The case began in 2016 when a complaint was filed on behalf of the American Academy of Pediatrics and other groups that partake in health or anti-smoking efforts. Representing plaintiffs in the effort along with Anderson & Kreiger partner Scott Lewis was Mark Greenwold, a consultant for plaintiff Campaign for Tobacco-Free Kids, admitted pro hac vice.

“We didn't realize at the time we brought the lawsuit how little the FDA had done and the fact that instead of developing graphics for the textual warnings … they decide to take several years to rewrite the text. And that came out after we filed the lawsuit,” Greenwold told the NLJ. “They had every chance to move forward, and we found out after we filed the lawsuit they were years and years away, and they weren't even developing graphics they were required to use.”

The FDA's trial attorney, Daniel Crane-Hirsch of the U.S. Department of Justice, didn't respond to a request for comment, nor did plaintiffs attorney Lewis.

Tobacco companies challenged the Tobacco Control Act on two separate occasions.
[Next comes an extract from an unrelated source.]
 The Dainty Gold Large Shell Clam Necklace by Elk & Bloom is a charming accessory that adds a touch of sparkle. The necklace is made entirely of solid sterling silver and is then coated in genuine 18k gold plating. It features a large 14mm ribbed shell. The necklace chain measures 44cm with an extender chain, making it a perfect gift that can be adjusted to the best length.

The first was in the U.S. Court of Appeals for the Sixth Circuit, where the court in 2012 rejected the companies' facial challenge to the packaging rules. In the second, however, the D.C. Circuit vacated prior graphic warning requirements. Then-Attorney General Eric Holder in a letter to Congress said the FDA planned to undertake research for new graphic warnings and seek review of the D.C. Circuit decision. The FDA then worked with outside consultants to come up with an image and new warning statements, conducting qualitative testing on them in 2015, and set to recruit focus groups for testing in early February. However, the FDA identified additional steps that would take three years to complete.
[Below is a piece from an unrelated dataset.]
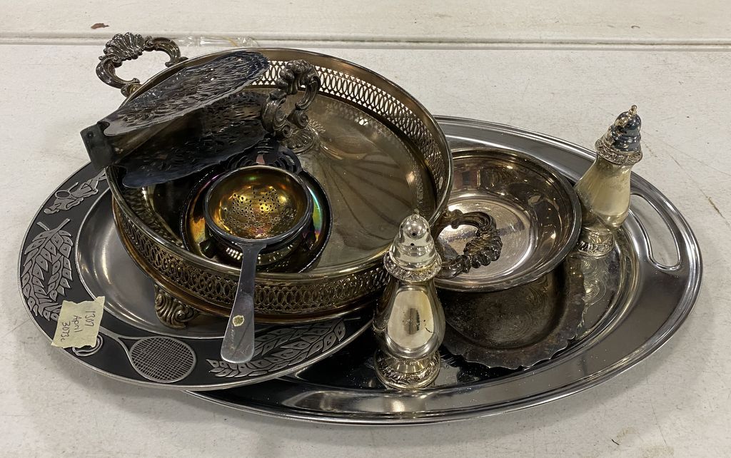 Group of Silver Plate Serving Pieces, Location Right Metal Shelves Group of Silver Plate Serving Pieces, Location Right Metal Shelves

In the case presided over by Talwani, plaintiffs argued the FDA “unlawfully withheld” action by “unreasonably delaying” the issuance of such warnings via their timeline, with the court finding that they're entitled to relief under either argument. Regarding “unlawfully withheld” specifically, plaintiffs argued that Congress' previous establishment of a “firm, enforceable deadline” for rule issuance and the FDA's failure to meet it compelled agency action, and requested that the court apply a previous Tenth Circuit ruling that sets a distinction between unlawfully withheld and unreasonably delayed, contingent on “whether Congress imposed a date-certain deadline agency action.”
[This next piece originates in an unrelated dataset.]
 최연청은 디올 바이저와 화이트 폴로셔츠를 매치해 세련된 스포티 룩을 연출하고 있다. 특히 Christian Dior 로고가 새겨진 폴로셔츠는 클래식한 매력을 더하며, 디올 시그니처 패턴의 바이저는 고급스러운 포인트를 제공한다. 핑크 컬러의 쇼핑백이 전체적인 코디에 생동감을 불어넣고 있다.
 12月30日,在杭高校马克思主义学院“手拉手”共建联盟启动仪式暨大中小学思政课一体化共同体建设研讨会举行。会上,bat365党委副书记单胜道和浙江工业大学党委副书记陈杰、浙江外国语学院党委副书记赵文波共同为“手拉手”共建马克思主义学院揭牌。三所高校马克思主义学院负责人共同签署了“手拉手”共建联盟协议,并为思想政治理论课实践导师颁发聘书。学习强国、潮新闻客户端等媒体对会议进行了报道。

“The court concluded that in the absence of a new rule more than four years past Congress' deadline, the agency 'unlawfully withheld' a new rule,” Talwani wrote. “Here, the FDA's duty to promulgate a rule is non-discretionary,” she noted, adding that the law required the issuance of regulations over the cigarette package graphics no later than 24 months following June 22, 2009.

The FDA for its part asked the court to apply “TRAC factors”—factors set forth in a Telecommunications Research and Action Center case against the FCC—to demonstrate the agency didn't unreasonably delay rule promulgation. However, Talwani said the court “finds that even utilizing the TRAC factors,” the agency “has 'unreasonably delayed' in promulgating a final rule,” describing its current trajectory as “extraordinary.”

“The FDA, of its own accord, decided to revise the texts for two years and delay work on the images until 2015,” Talwani wrote. “Moreover, even more troubling is the gaps of time where little to no work was completed on the graphic images. From 2013 to 2015, the record does not indicate any work on the graphic images. Aside from the drawings completed by the certified medical illustrator, the record does not indicate any work on the images from June 2016 to October 2017.”

Plaintiffs attorney Greenwold noted that while his side didn't believe TRAC factors “ought to be applied” in this case, they did believe the factors might actually work in their favor.

“We thought if you did apply them, we'd certainly win,” he said. “And that's exactly what the court ruled.”